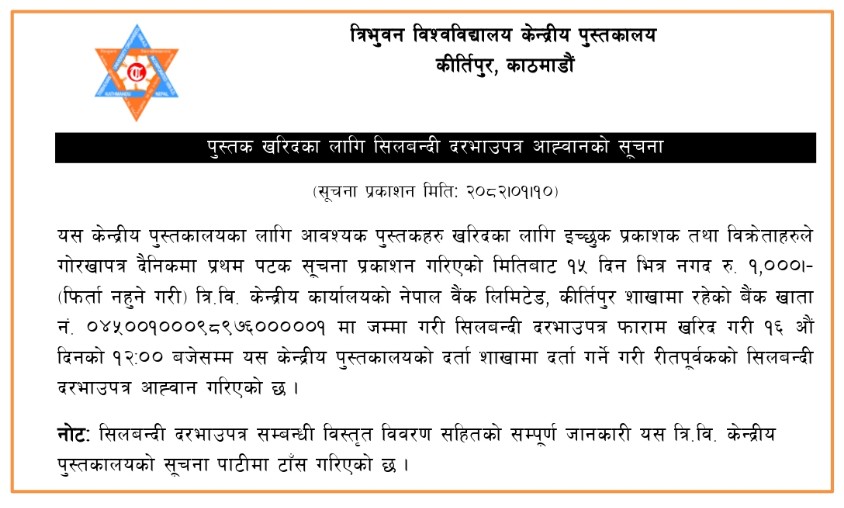 पुस्तक खरिदका लागि सिलबन्दी दरभाउपत्र आह्वानको सूचना
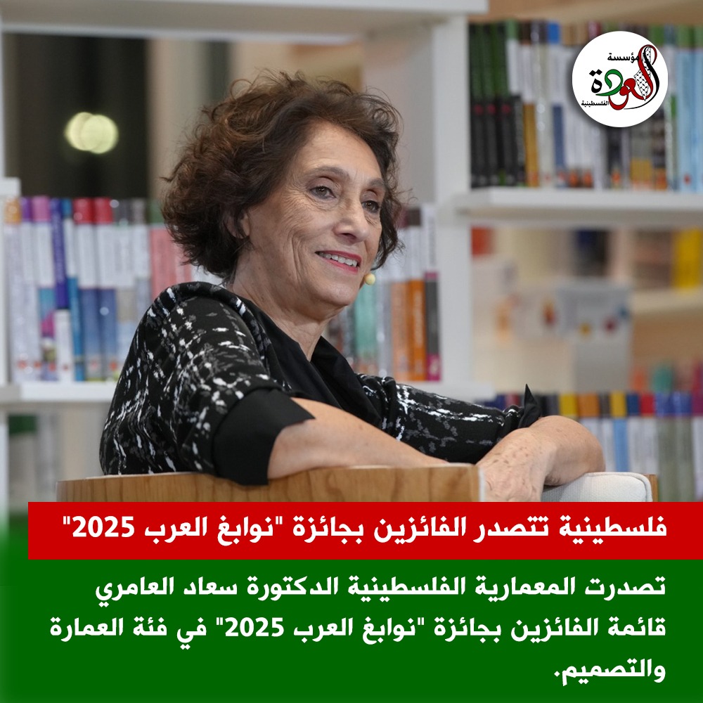 تصدرت المعمارية الفلسطينية الدكتورة سعاد العامري قائمة الفائزين بجائزة "نوابغ العرب 2025" في فئة العمارة والتصميم، تقديراً لمسيرتها المتميزة في حفظ التراث المعماري الفلسطيني وترميم المباني التاريخية وإعادة توظيفها لتعزيز الهوية العمرانية.
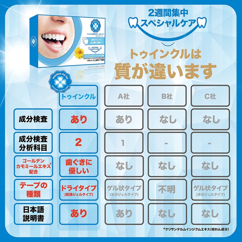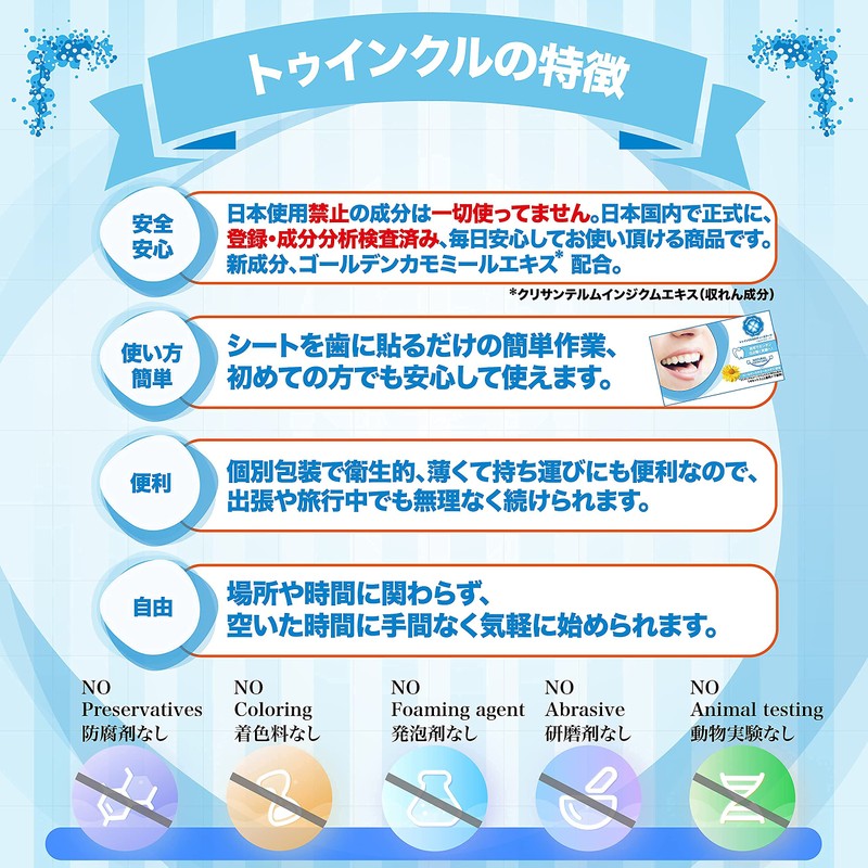 - ✅【Do you love coffee, cigarette, wine? For those who like coffee, tobacco, wine, etc. that are said to cause teeth yellow stains and bad breath, we would like to use a whitening sheet. Twinkle has been registered and tested in Japan, and is formulated with golden chamomile extract that is gentle on the gums and is made using a dry type that makes it easy to penetrate the ingredients. Easy self-whitening (home whitening) with Twinkle for easy 30 minutes of application once and for a new and whitening habit
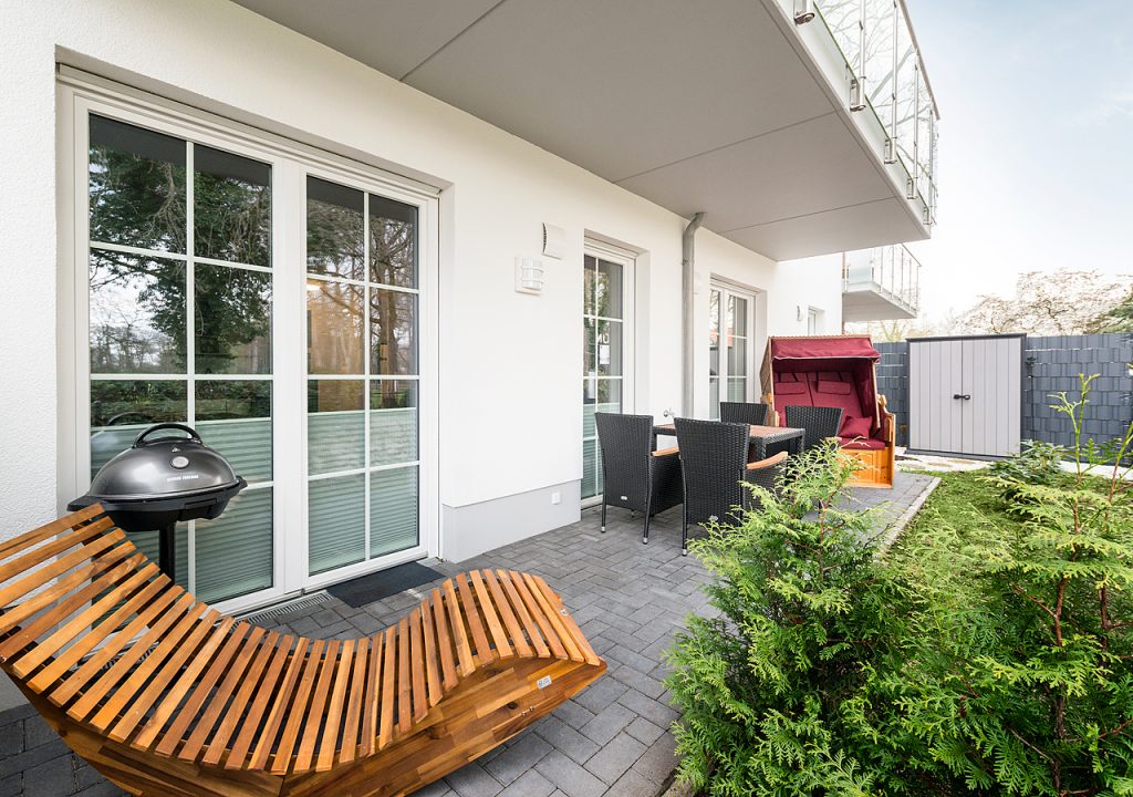 Schöne Terrasse mit kleinem Garten Ein Standkorb steht für Sie auf der Terrasse mit Blick auf den Garten.
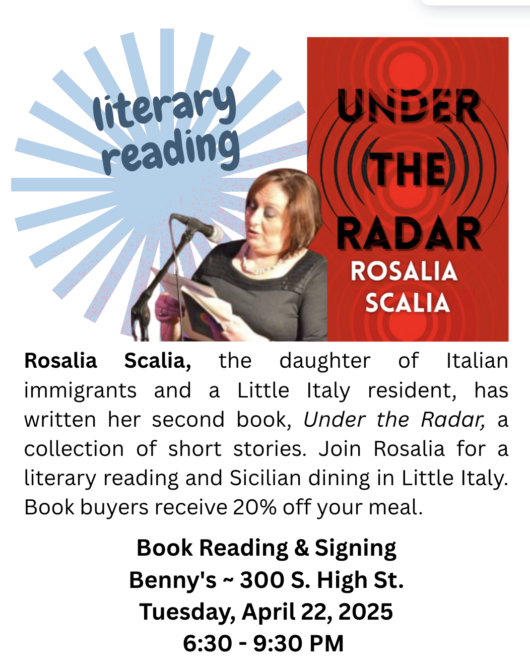 Tuesday, April 22 - Little Italy author's Book Reading & Signing
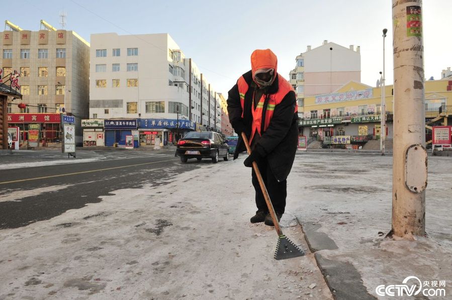 里三层外三层的冬装,不仅使王文章看起来非常臃肿,行动也十分不便,“弯腰捡垃圾、铲积雪都使不上劲儿,衣服实在太厚太沉了。”大约一个多小时后,王师傅清扫好了责任区的一部分路段,打算歇会儿。此时,他的口罩、眼睫毛和眉毛上早已挂满了厚厚的一层白霜。
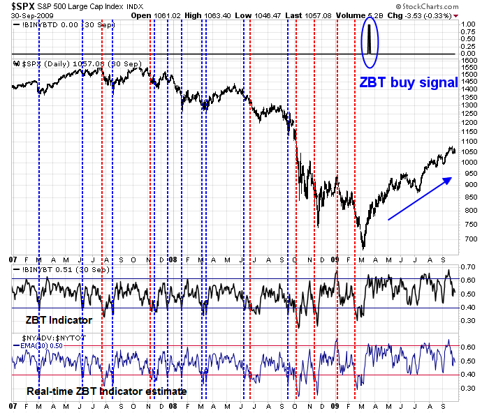 Here is a chart of the ZBT oversold conditions during the 2007-09 period. The blue vertical lines show the instances where the market became oversold according to this indicator and experienced a short-term rally afterwards. The red vertical lines show the instances where the oversold signal failed and the market continued to fall. The lessons from this period in history tells us about how oversold markets can become more oversold. It was mostly during the steep declines and terminal phases of the bear market when these oversold conditions failed as buy signals.
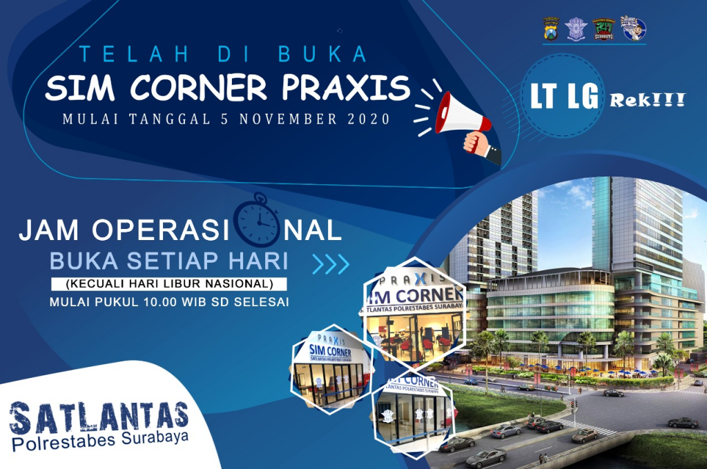 Telah di Buka, Sim Corner terbaru besok hari kamis 5 november 2020 tepatnya pada pukul 08.30 WIB di Mall Praxis Lt LG. Jam operasional akan selalu buka setiap hari kecuali hari libur nasional.
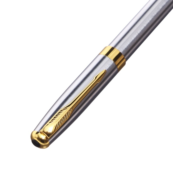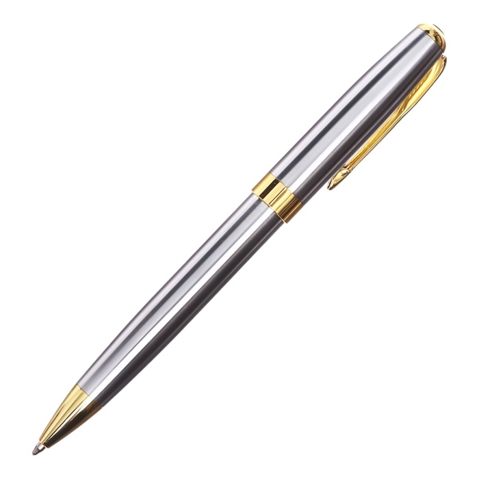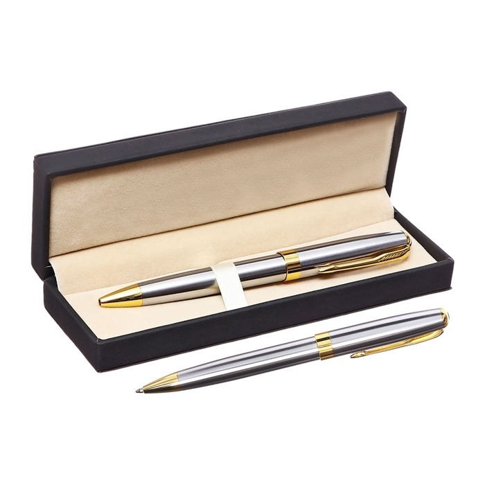 Ручка подарочная шариковая в кожзам футляре поворотная ПБ корпус серебро/золото
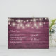 A stylish rustic wedding program featuring pretty string lights on a rustic burgundy red wood background. Add your special wedding ceremony details set in chic stylish typography. Hand fold to create a beautiful folded wedding program. Designed by Thisisnotme©
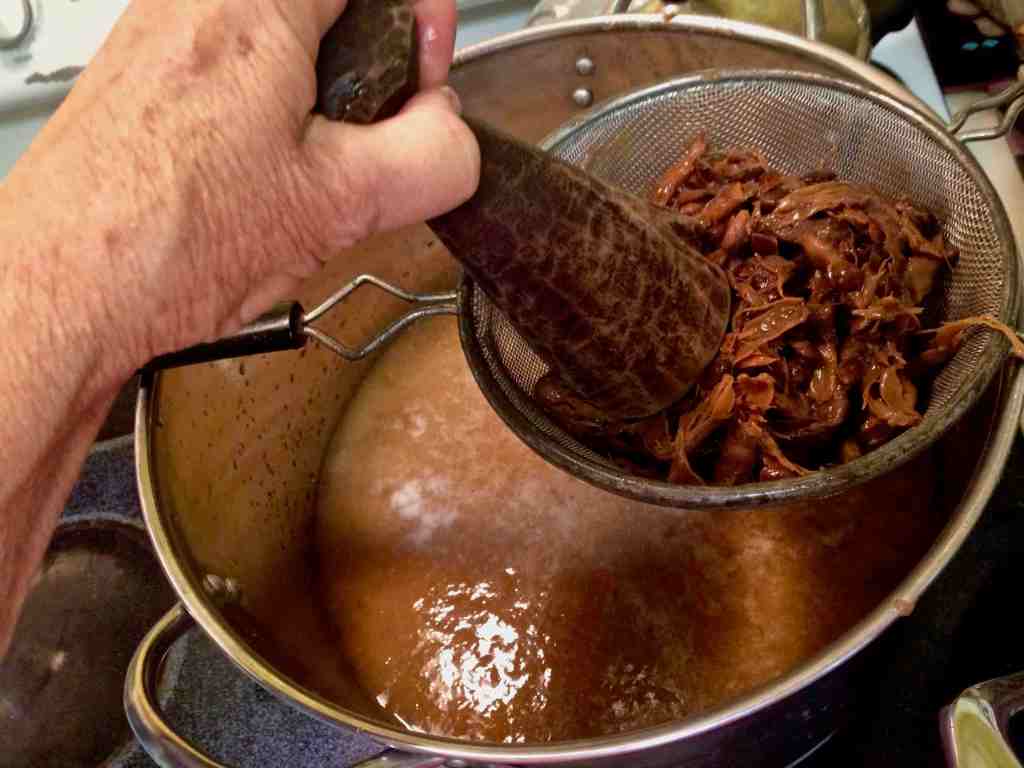 *** My secret to this “fruit marinade” is the smokey flavor of local Whiskey del Bac! Using spirits results in a fabulous liqueur “biproduct” to enjoy later. But, remember the words to that song “Oh we never eat fruitcake because it has rum, and one little bite turns a man to a bum……..” For the tea- totaler, any fruit juices will work for re-hydrating the dried fruit chunks: try apple cider, prickly pear, pomegranate juice, cranberry. Then save the liquid after decanting as it will have delicious new flavors added.
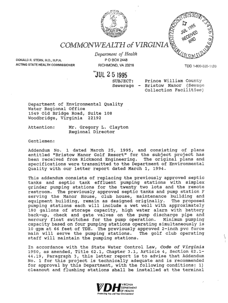 CRJ JJ CD/ O/department of Health DONALD R. STERN. M.D., M.P.H.ACTING STATE HEALTH COMMISSIONER O BOX 2448 RICHMOND, VA 23218TDD 18004)281120JUL 2 5 1995 SUBJECT: Sewerage Prince William County Bristol
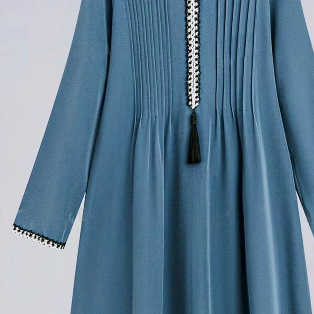 Женское плиссированное повседневное арабское платье с V-образным вырезом и длинным рукавом, кафтан, одежда, женские макси-платья

*TASK DESCRIPTION*
Your answer must be an exact copy of the records above, with no pictures included.

*TASK SOLUTION*
 पुस्तक खरिदका लागि सिलबन्दी दरभाउपत्र आह्वानको सूचना
 تصدرت المعمارية الفلسطينية الدكتورة سعاد العامري قائمة الفائزين بجائزة "نوابغ العرب 2025" في فئة العمارة والتصميم، تقديراً لمسيرتها المتميزة في حفظ التراث المعماري الفلسطيني وترميم المباني التاريخية وإعادة توظيفها لتعزيز الهوية العمرانية.
 - ✅【Do you love coffee, cigarette, wine? For those who like coffee, tobacco, wine, etc. that are said to cause teeth yellow stains and bad breath, we would like to use a whitening sheet. Twinkle has been registered and tested in Japan, and is formulated with golden chamomile extract that is gentle on the gums and is made using a dry type that makes it easy to penetrate the ingredients. Easy self-whitening (home whitening) with Twinkle for easy 30 minutes of application once and for a new and whitening habit
 Schöne Terrasse mit kleinem Garten Ein Standkorb steht für Sie auf der Terrasse mit Blick auf den Garten.
 Tuesday, April 22 - Little Italy author's Book Reading & Signing
 里三层外三层的冬装,不仅使王文章看起来非常臃肿,行动也十分不便,“弯腰捡垃圾、铲积雪都使不上劲儿,衣服实在太厚太沉了。”大约一个多小时后,王师傅清扫好了责任区的一部分路段,打算歇会儿。此时,他的口罩、眼睫毛和眉毛上早已挂满了厚厚的一层白霜。
 Here is a chart of the ZBT oversold conditions during the 2007-09 period. The blue vertical lines show the instances where the market became oversold according to this indicator and experienced a short-term rally afterwards. The red vertical lines show the instances where the oversold signal failed and the market continued to fall. The lessons from this period in history tells us about how oversold markets can become more oversold. It was mostly during the steep declines and terminal phases of the bear market when these oversold conditions failed as buy signals.
 Telah di Buka, Sim Corner terbaru besok hari kamis 5 november 2020 tepatnya pada pukul 08.30 WIB di Mall Praxis Lt LG. Jam operasional akan selalu buka setiap hari kecuali hari libur nasional.
 Ручка подарочная шариковая в кожзам футляре поворотная ПБ корпус серебро/золото
 A stylish rustic wedding program featuring pretty string lights on a rustic burgundy red wood background. Add your special wedding ceremony details set in chic stylish typography. Hand fold to create a beautiful folded wedding program. Designed by Thisisnotme©
 *** My secret to this “fruit marinade” is the smokey flavor of local Whiskey del Bac! Using spirits results in a fabulous liqueur “biproduct” to enjoy later. But, remember the words to that song “Oh we never eat fruitcake because it has rum, and one little bite turns a man to a bum……..” For the tea- totaler, any fruit juices will work for re-hydrating the dried fruit chunks: try apple cider, prickly pear, pomegranate juice, cranberry. Then save the liquid after decanting as it will have delicious new flavors added.
 CRJ JJ CD/ O/department of Health DONALD R. STERN. M.D., M.P.H.ACTING STATE HEALTH COMMISSIONER O BOX 2448 RICHMOND, VA 23218TDD 18004)281120JUL 2 5 1995 SUBJECT: Sewerage Prince William County Bristol
 Женское плиссированное повседневное арабское платье с V-образным вырезом и длинным рукавом, кафтан, одежда, женские макси-платья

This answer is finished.